RECORDS SUPPLIED Block Start

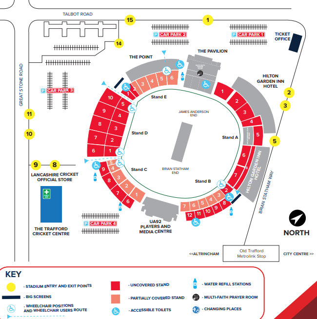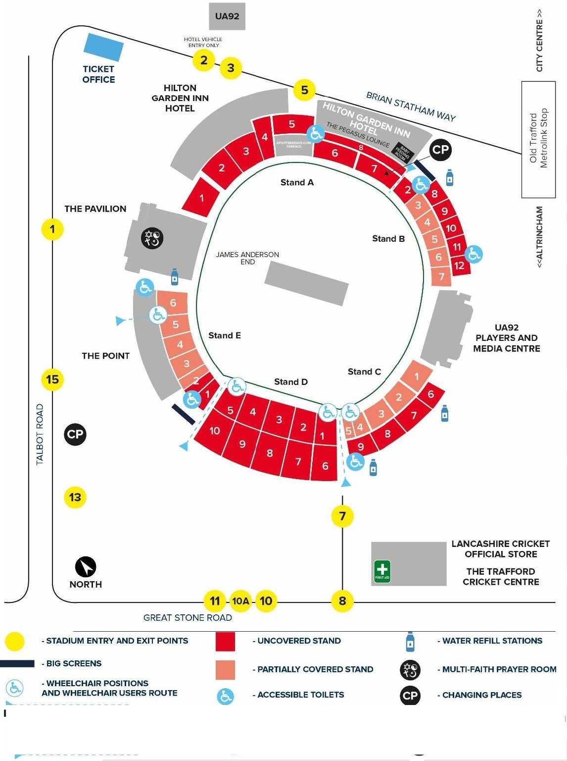 The names of the stands, along with the row numbers, can be seen on the Old Trafford Stadium seating chart to locate the seats. Some of the sections in the stadium are reserved for accessible guests. The location of wheelchair friendly areas, lifts, ramps, toilets, and other important amenities are mentioned on the map. This Stadium has multiple entry and exit doors. The location of entry gates, uncovered stand, covered stands, partially covered stands, water refill stations, changing places toilets, big screen, etc are also depicted on the Manchester cricket stadium Map, Old Trafford.
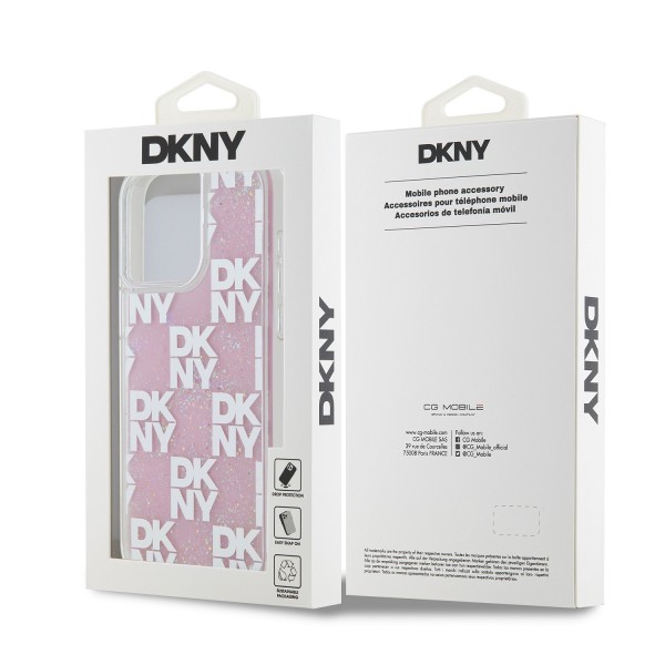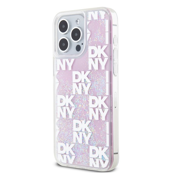 DKNY iPhone 15 Pro Max Hülle Case Liquid Glitter Checkered Pattern Rosa
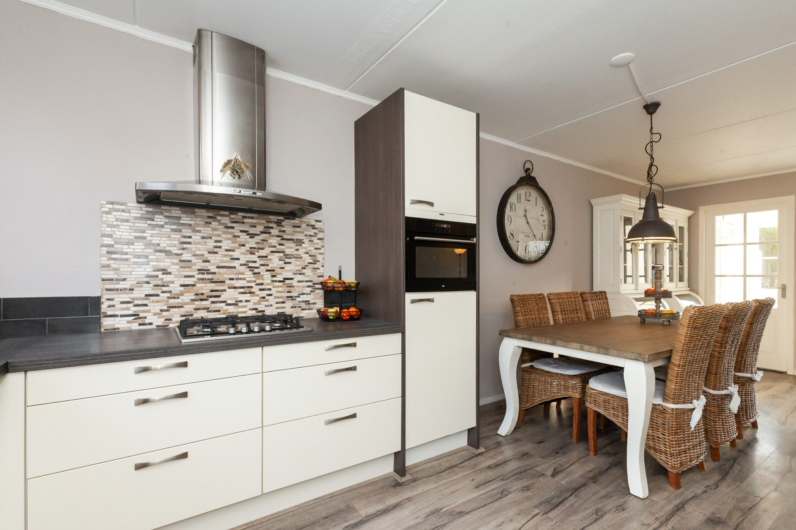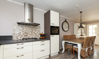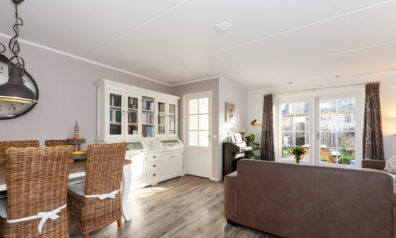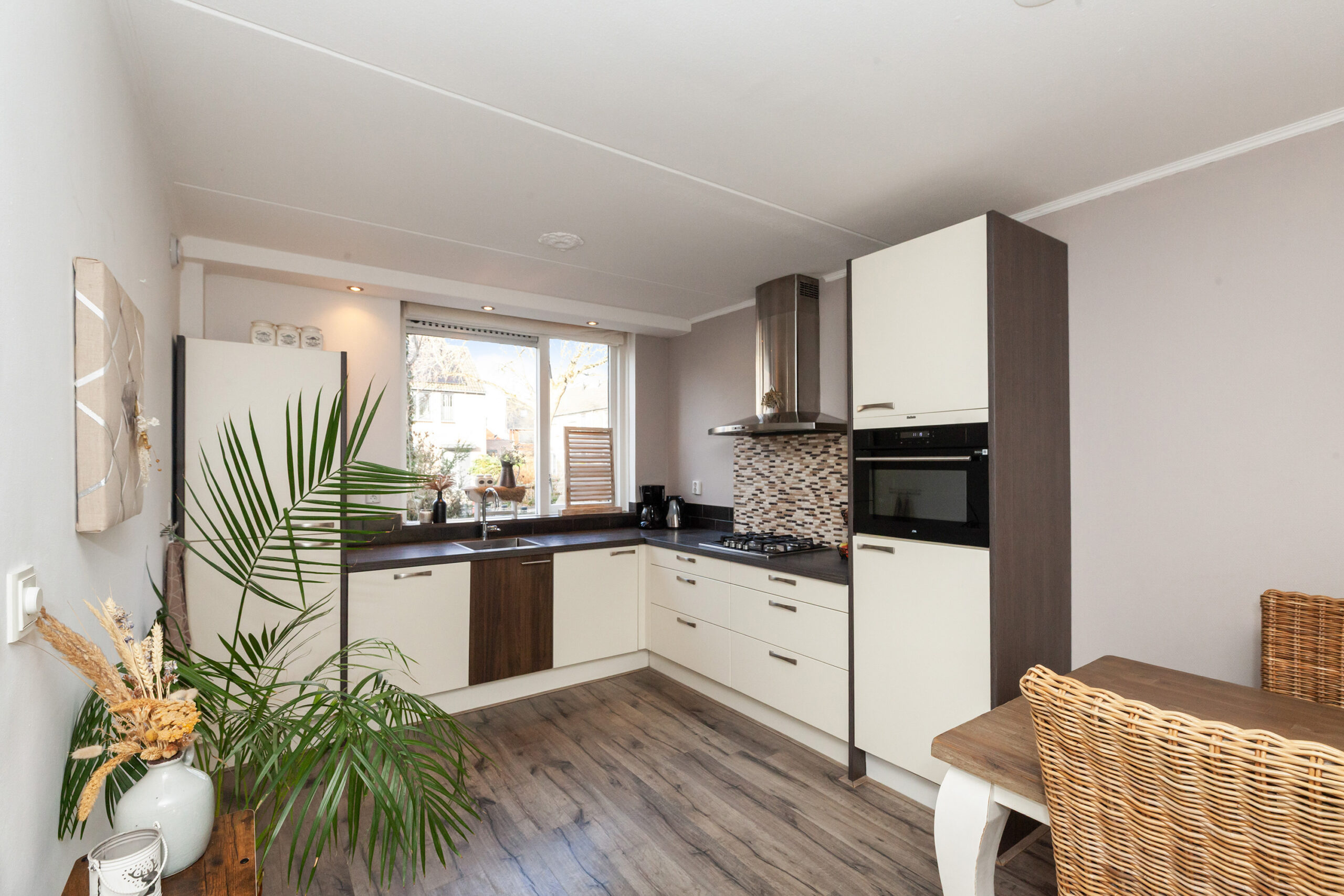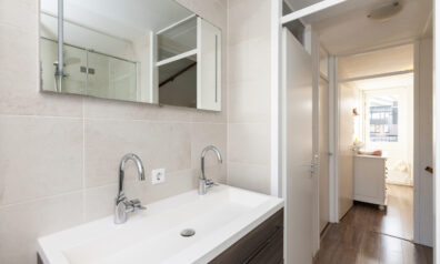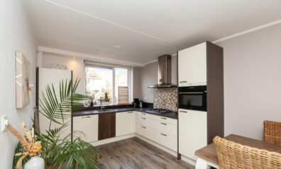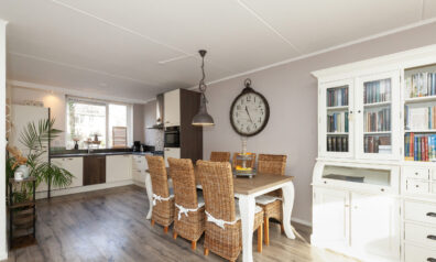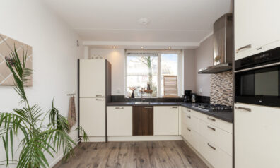 De hoekkeuken is opgesteld aan de voorzijde en geeft leuk zicht over de voorgelegen straat, maar staat tevens in open verbinding met de woonkamer. Aan inbouwapparatuur heeft u de beschikking over een 4-pits gaskookplaat, afzuigkap, combimagnetron, koelkast en vaatwasser.
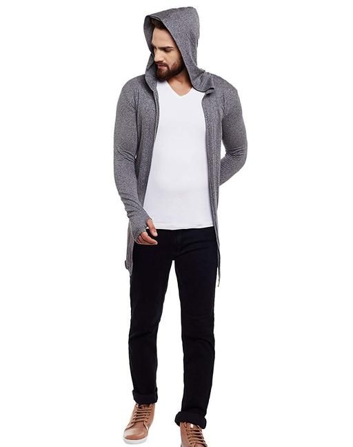 Name: Men Navy Anthra Hooded Thumbhole Open Long Cardigan Overcoat Shrug Men's Party Wear Solid Cotton Square Neck Collar Full Sleeves Cardigan Overcoat/Shrug
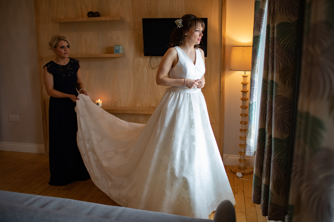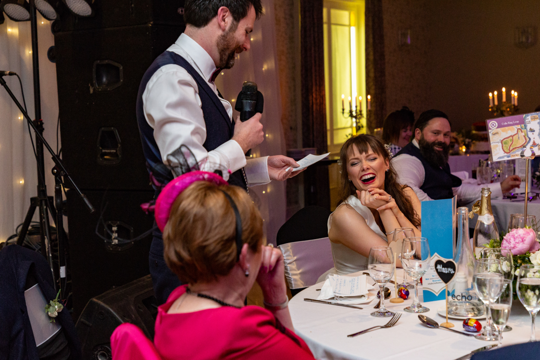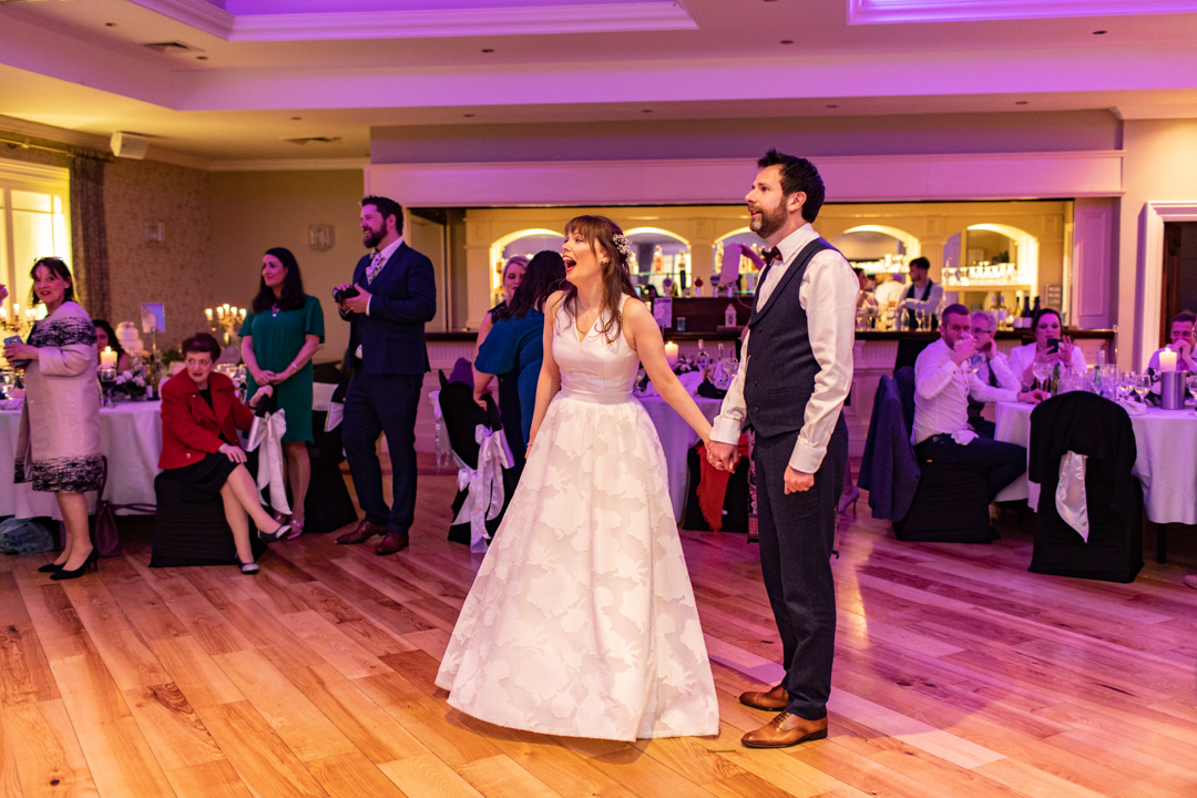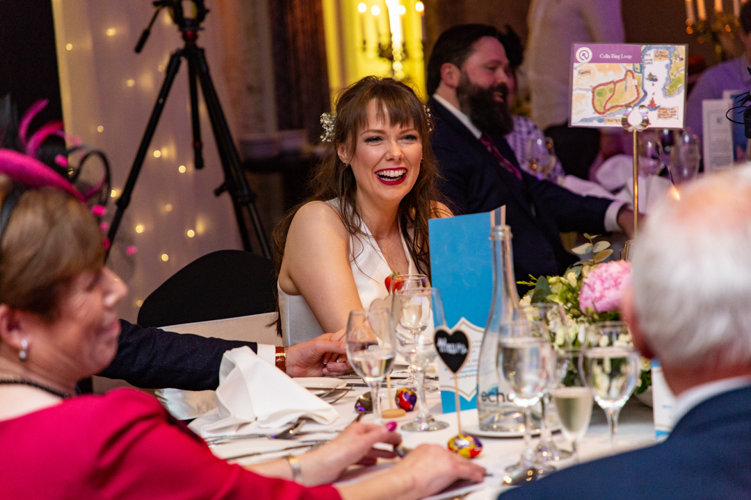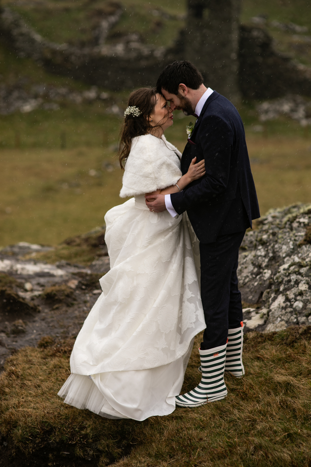 Our guests made the day. They were so positive, enthusiastic and happy for us. They brought such a lovely energy to the day and they had so much fun. During the meal we looked around at the tables of people laughing and we said to each other that we wished we were at this wedding rather than it being our wedding. It was also special because it was only people who we really wanted there as opposed to a huge wedding of acquaintances. Our photographer, Olga also helped make the day. Our happiest memories of the day are with Olga on the side of a cliff in the lashing rain. She was so enthusiastic and positive and that definitely rubbed off on us.

RECORDS SUPPLIED Block End

** WHAT YOU NEED TO DO **
Restate word for word the lines above that start at the line containing "DKNY iPhone 15" and run to the end of the listing; exclude the pictures.

** RESPONSE TO THE EXERCISE **
 DKNY iPhone 15 Pro Max Hülle Case Liquid Glitter Checkered Pattern Rosa
 De hoekkeuken is opgesteld aan de voorzijde en geeft leuk zicht over de voorgelegen straat, maar staat tevens in open verbinding met de woonkamer. Aan inbouwapparatuur heeft u de beschikking over een 4-pits gaskookplaat, afzuigkap, combimagnetron, koelkast en vaatwasser.
 Name: Men Navy Anthra Hooded Thumbhole Open Long Cardigan Overcoat Shrug Men's Party Wear Solid Cotton Square Neck Collar Full Sleeves Cardigan Overcoat/Shrug
 Our guests made the day. They were so positive, enthusiastic and happy for us. They brought such a lovely energy to the day and they had so much fun. During the meal we looked around at the tables of people laughing and we said to each other that we wished we were at this wedding rather than it being our wedding. It was also special because it was only people who we really wanted there as opposed to a huge wedding of acquaintances. Our photographer, Olga also helped make the day. Our happiest memories of the day are with Olga on the side of a cliff in the lashing rain. She was so enthusiastic and positive and that definitely rubbed off on us.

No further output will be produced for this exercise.